Key headers for AJAX: Always include X-Requested-With: XMLHttpRequest and a valid Referer. Many servers check these to distinguish AJAX from direct navigation.

When to look for AJAX endpoints

SignalLikely AJAX
Content appears after page load (spinner, lazy-load)Yes
URL changes without full page reloadYes — check for pushState + fetch
Tab/section switching within a pageYes — each tab may have its own endpoint
Data differs between “View Source” and DevTools ElementsYes — JS loaded it after

Reference: skills/amazon/amazon.py subscriptions() — AJAX endpoint for Subscribe & Save management.


Adapter Null Safety

When a skill’s adapter maps nested collections (like shelves on an account), not every operation returns those nested fields. Use jaq // [] fallback to prevent null iteration errors:

adapters:
  account:
    id: .user_id
    name: .name
    shelves:
      shelf[]:
        _source: '.shelves // []'    # won't blow up when shelves is absent
        id: .shelf_id
        name: .name

Data Validation Checklist

After building a scraper, cross-reference against the live site:

CheckHow
Total countCompare your result count to what the site header says (“Showing 1-30 of 69”)
Unique IDsDeduplicate and compare — off-by-one usually means a deleted/deactivated account
Rating countsCount items with non-null ratings vs. the site’s “X ratings” display
Review countsCount items with actual review text vs. the site’s “X reviews” display
Field completenessSpot-check dates, ratings, authors against individual entries on the site
Shelf mathSum shelf counts and compare to “All (N)” — they may diverge (Goodreads shows 273 but serves 301)

Testing Methodology

1. Save cookies locally for development

Extract cookies once and save to a JSON file for local testing:

# From agentOS:
# run({ skill: "brave-browser", tool: "cookie_get", params: { domain: ".mysite.com" } })
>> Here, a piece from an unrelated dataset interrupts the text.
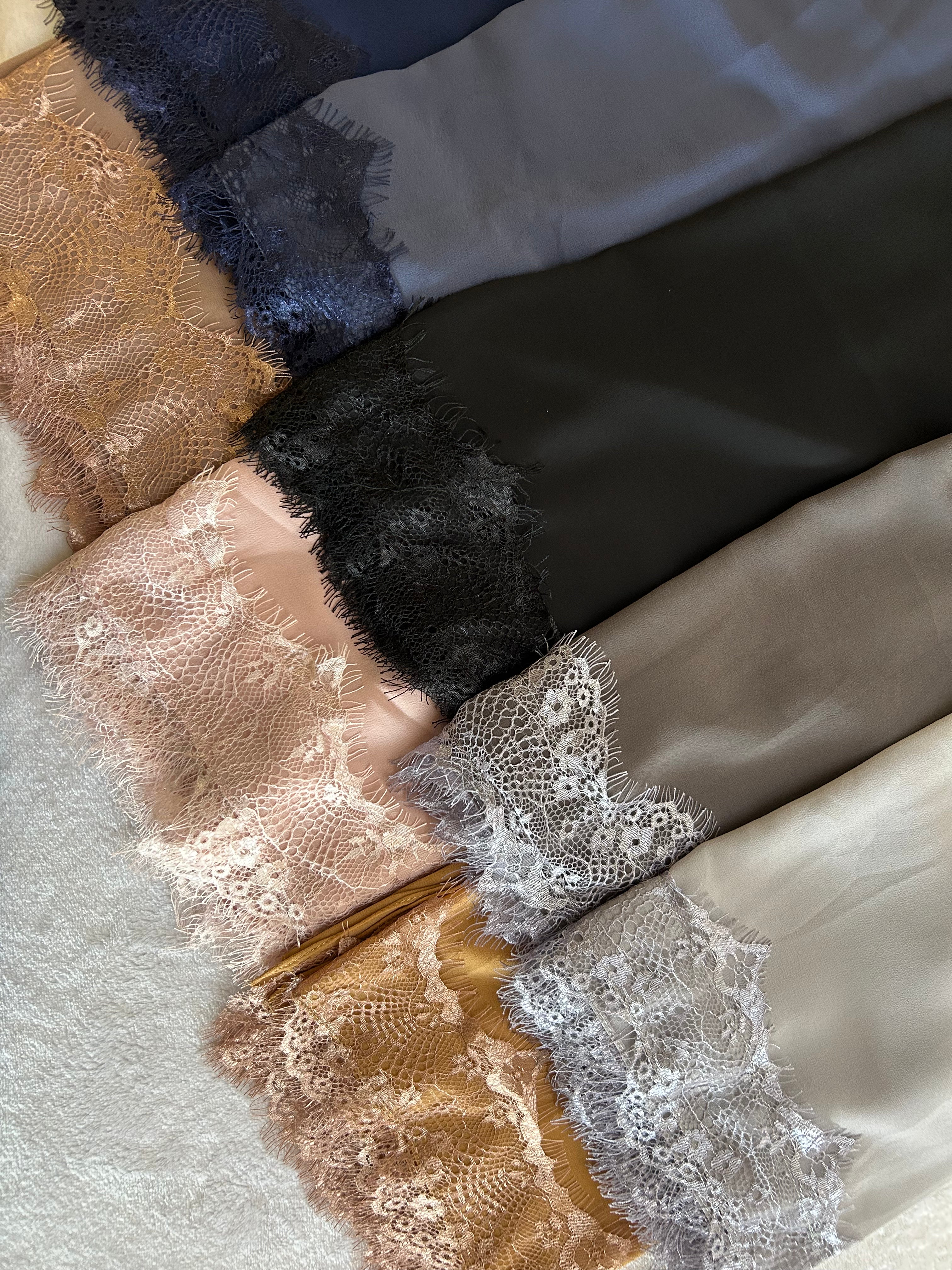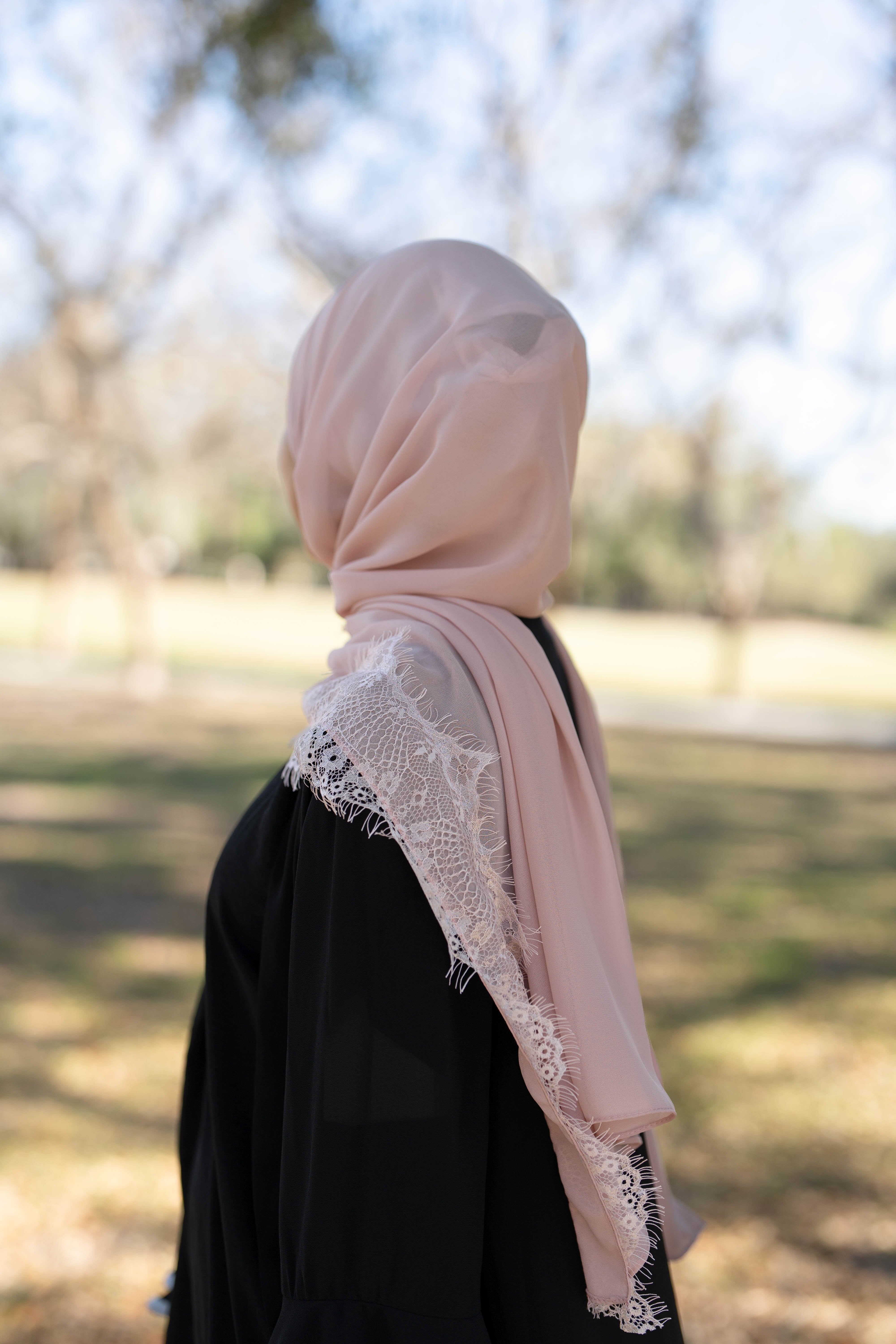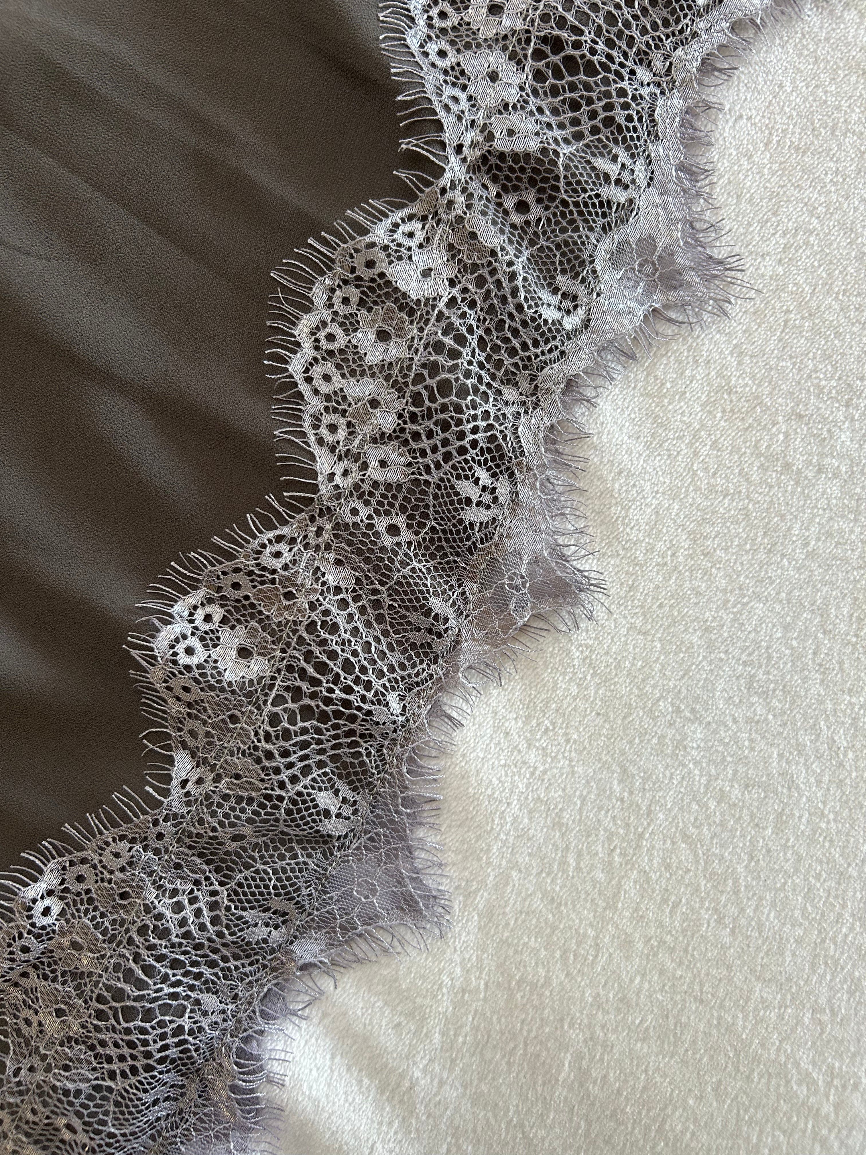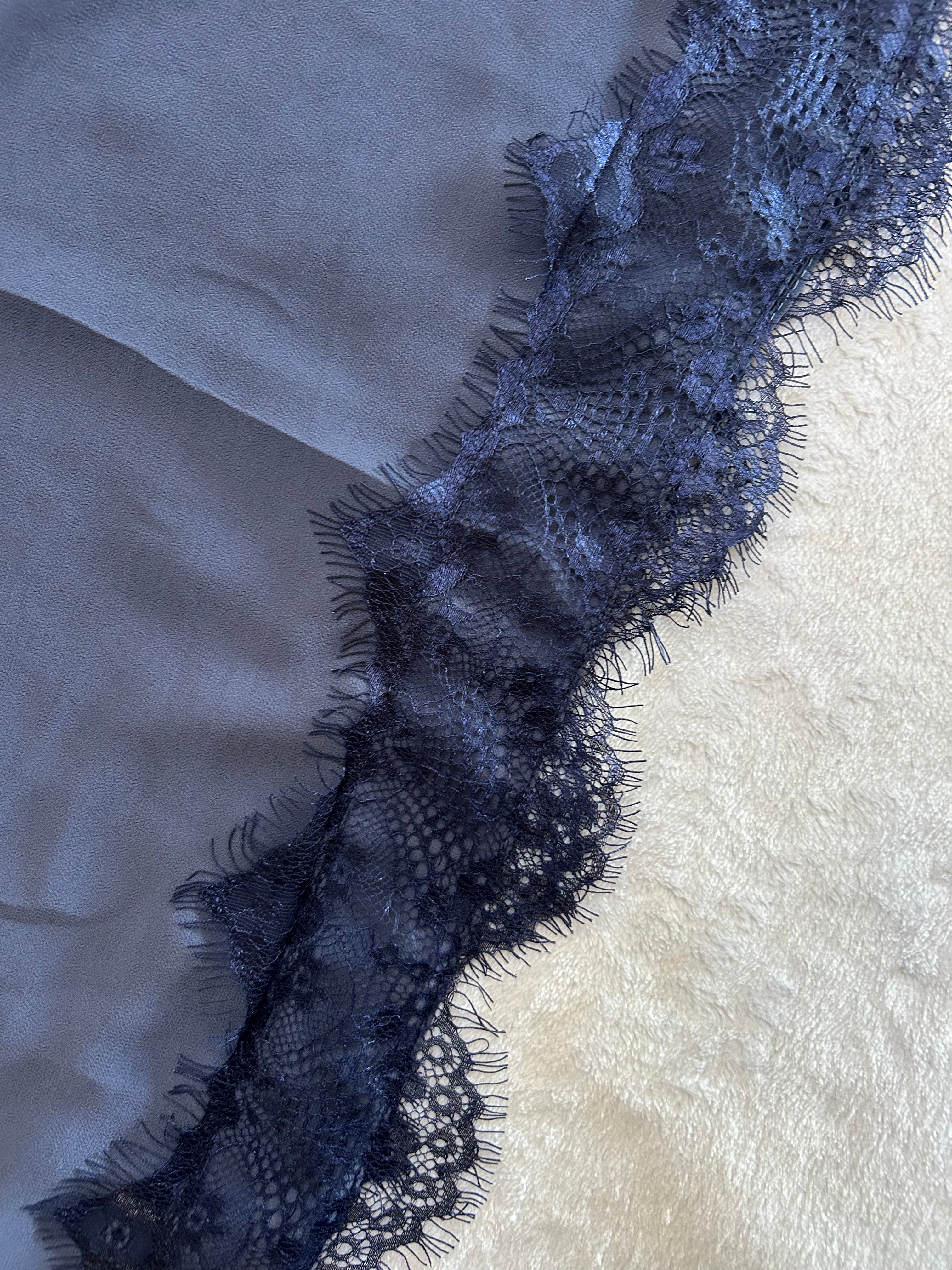 Description: Our Premium Chiffon with a chic lace trim on one long edge. Dress up any outfit with this soft lace finish!

# Or manually build the file:
# scripts/test_cookies.json
[
  {"name": "session_id", "value": "abc123", "domain": ".mysite.com"},
  ...
]

2. Test parsers against real pages

Hit the live site with agentos.http and verify parsing before wiring to agentOS:

with open("scripts/test_cookies.json") as f:
    cookies = json.load(f)
cookie_header = "; ".join(f'{c["name"]}={c["value"]}' for c in cookies)

friends = list_friends("12345", cookie_header=cookie_header)
print(f"Got {len(friends)} friends")

3. Test through agentOS MCP

Once local parsing works, test the full pipeline:

npm run mcp:call -- --skill mysite --tool list_friends \
  --params '{"user_id":"12345"}' --verbose

Operations that require live cookies should use test.mode: write so they’re skipped in automated smoke tests but can be run manually with --write:

test:
  mode: write
  fixtures:
    user_id: "12345"

Real-World Examples

SkillWhat’s scrapedKey patternsReference
skills/amazon/Orders, products, subscriptions, account identity — all from server-rendered HTML and AJAXFallback selector chains, Siege cookie stripping, session warming, AJAX endpoints, SESSION_EXPIRED conventionamazon.py
skills/goodreads/People (friends, following, followers), books, reviews, groups, quotes, rich profiles — all from HTMLStructured table parsing, data attributes, pagination, dedupweb_scraper.py

For social-network-specific modeling patterns (person vs account, relationship types, cross-platform identity), see 5-social.